Spatial modeling of landslides in Khorasan Razavi Province using machine learning methods

Humanity is facing many environmental challenges. Natural disasters are among these problems, causing the death and injury of hundreds of thousands of people and rendering millions homeless worldwide every year. Geomorphological hazards, particularly mass movements and landslides, are considered some of the most potentially harmful phenomena. Mass movement refers to the outward or downward movement of domain-forming materials under the influence of gravity. These movements are primarily triggered by gravity, natural factors such as heavy rainfall, earthquakes, and soil saturation with water, as well as human activities like deforestation and improper engineering operations. According to the 2012 World Natural Hazards Report, landslides were ranked among the seven most dangerous natural disasters globally. The occurrence of natural hazards, including landslides, exerts considerable pressure on the economic development of countries, especially in developing regions, with financial damages hindering economic growth and prosperity. Iran, with its mountainous terrain, high tectonic and seismic activity, and diverse geological and climatic conditions, has created natural conditions conducive to a wide range of landslides.
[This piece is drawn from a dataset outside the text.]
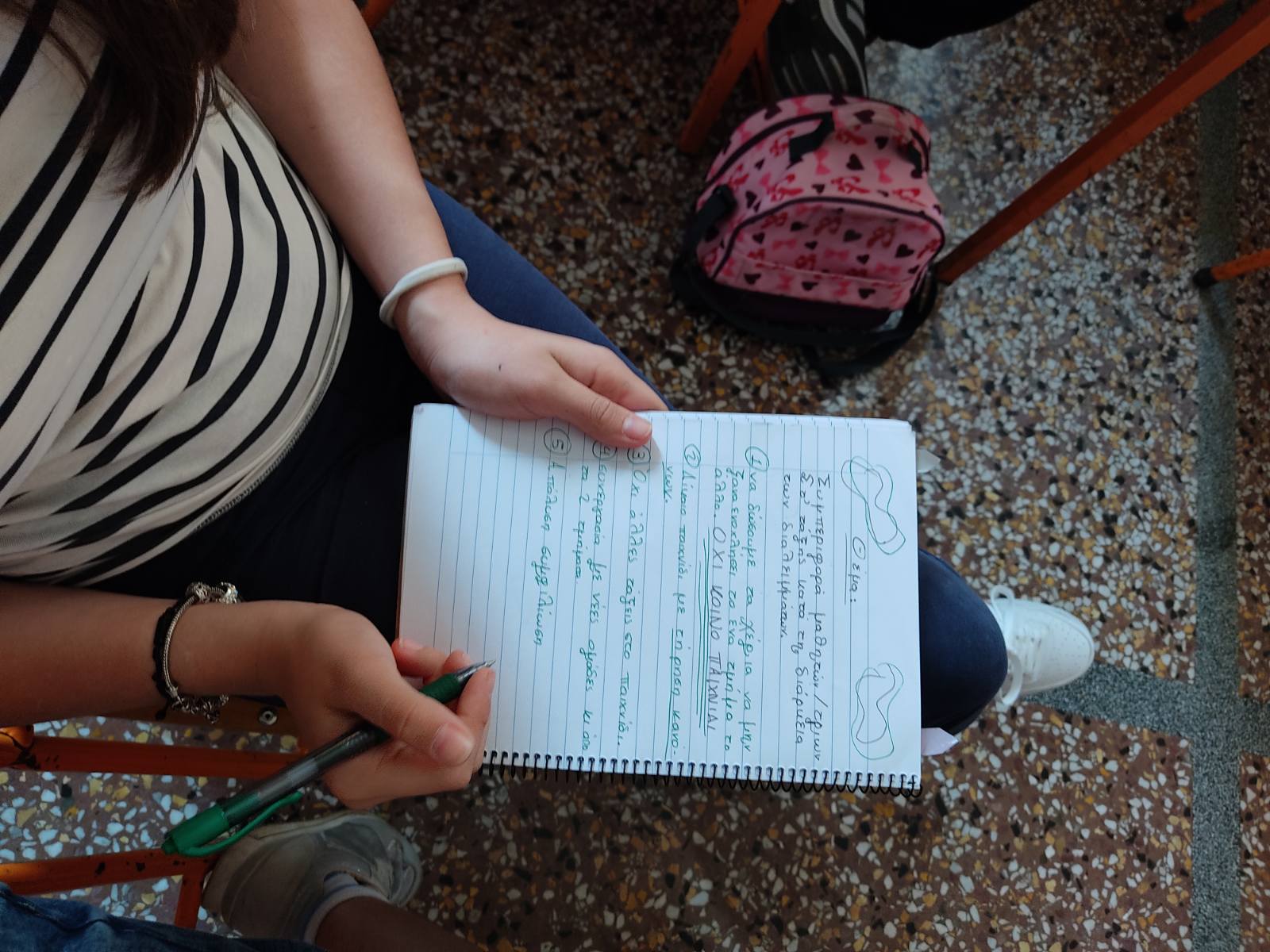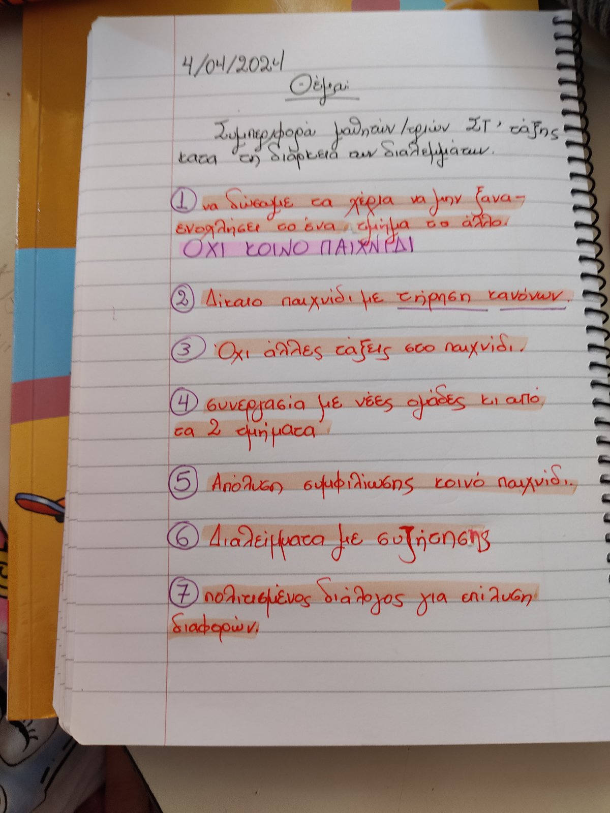 Το θέμα που συζητήθηκε διαλογικά ήταν “Συμπεριφορά κατά τη διάρκεια των διαλειμμάτων“. Δόθηκαν προτάσεις από τα ίδια τα παιδιά (8, συγκεκριμένα), καταγράφηκαν, έπειτα ψηφίστηκαν με ανάταση χειρός και το αποτέλεσμα ήταν 30 ψήφοι υπέρ του ήρεμου παιχνιδιού, με κανόνες και τήρησή τους, έγινε αναπαράσταση του σωστού τρόπου που παίζουμε, αναπαράσταση του λανθασμένου τρόπου (προς αποφυγήν) κρατήθηκαν σημειώσεις από τη διαδικασία και όλοι έδωσαν τα χέρια, συμφωνώντας στο ότι το παιχνίδι είναι για να περνάμε όμορφα. Συζητήθηκε, επίσης, ότι όλοι είμαστε φίλοι κι αν κάποια στιγμή επέλθει η ήττα στο παιχνίδι και την αποδεχτούμε πολιτισμένα, αυτό είναι μεγάλη ΝΙΚΗ, γιατί κερδίζουμε τους φίλους μας για πάντα!!!!
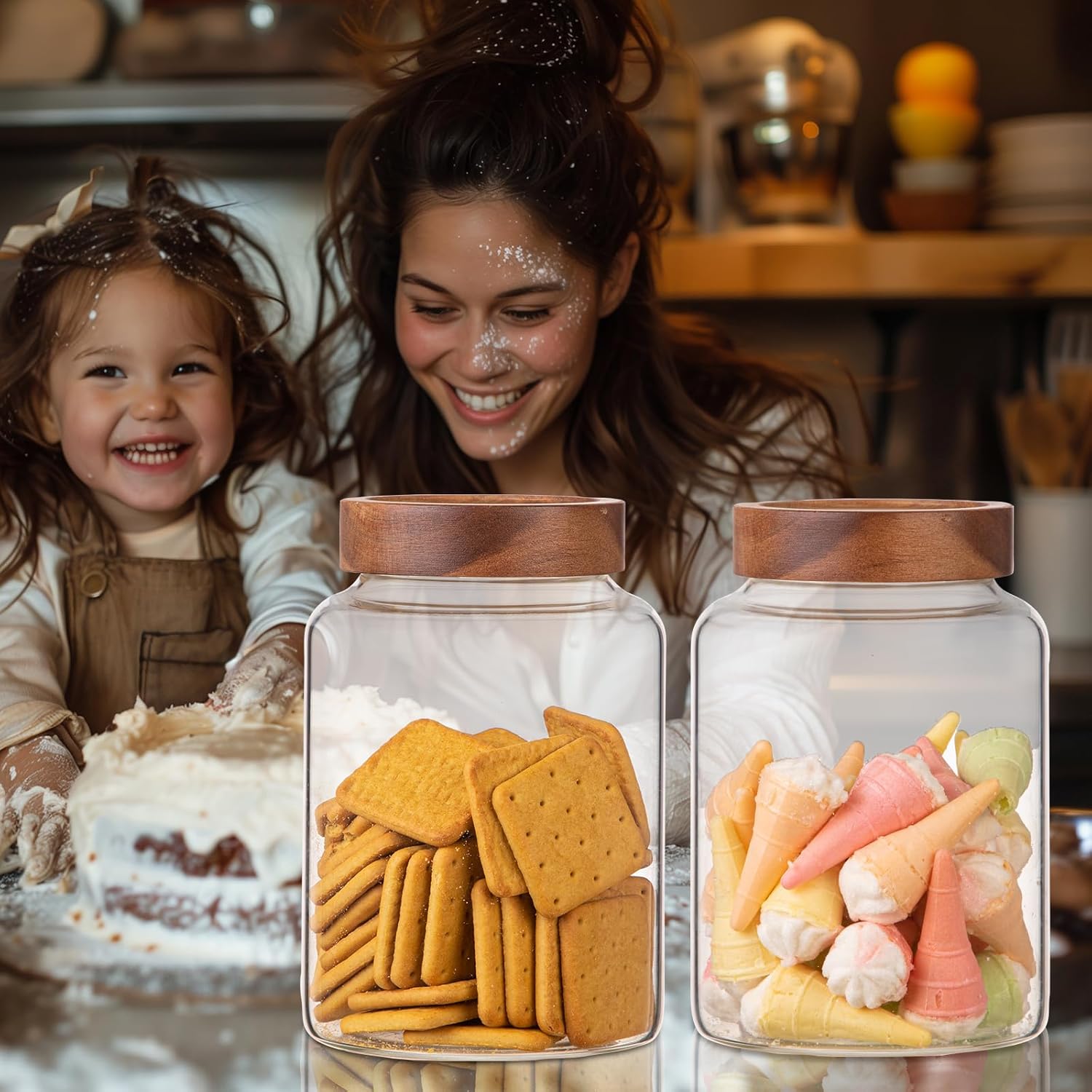 Large Glass Coffee Jars 60 oz /1800ml, Round Storage Canister with Wooden Lid Clear Glass Food Jar for Pantry Sugar Tea Coffee Bean Spice Nuts Cookies Bath Salts (1800ml/60oz-2PACK)

The aim of this study is to spatially model landslide susceptibility using machine learning techniques, including random forest, support vector machine, and enhanced regression tree, in Razavi Khorasan province. Initially, the distribution map of landslides in the region was prepared through field visits and data from the national landslides database. In the next step, 70% of the identified landslides were used for model development, while 30% were reserved for model evaluation. The information layers for altitude, slope, slope direction, distance from waterway, waterway density, distance from roads, distance from faults, land use, vegetation index, surface curvature, profile curvature, precipitation, and selected lithological units were prepared and mapped using ArcGIS.

Prioritization of the factors affecting landslide occurrence using the random forest model showed that precipitation and altitude had the greatest impact on landslides in the study area. Additionally, the evaluation of the machine learning models using the relative operating characteristic (ROC) curve indicated that the landslide potential map generated by the random forest method had the highest accuracy (0.97). Based on this map, more than 25% of the area was classified into high and very high-risk zones.

This map can assist environmental planners in construction projects and help prevent land-use changes and construction in high-risk areas. Additionally, public awareness campaigns can reduce harmful human activities in these zones. While controlling landslides may not always be feasible or is often very expensive, proper management can help mitigate or reduce risks. By identifying the key factors in mass movement occurrences and zoning the areas accordingly, it is hoped that this research will contribute to the development of effective risk management plans and reduce the damage caused by landslides.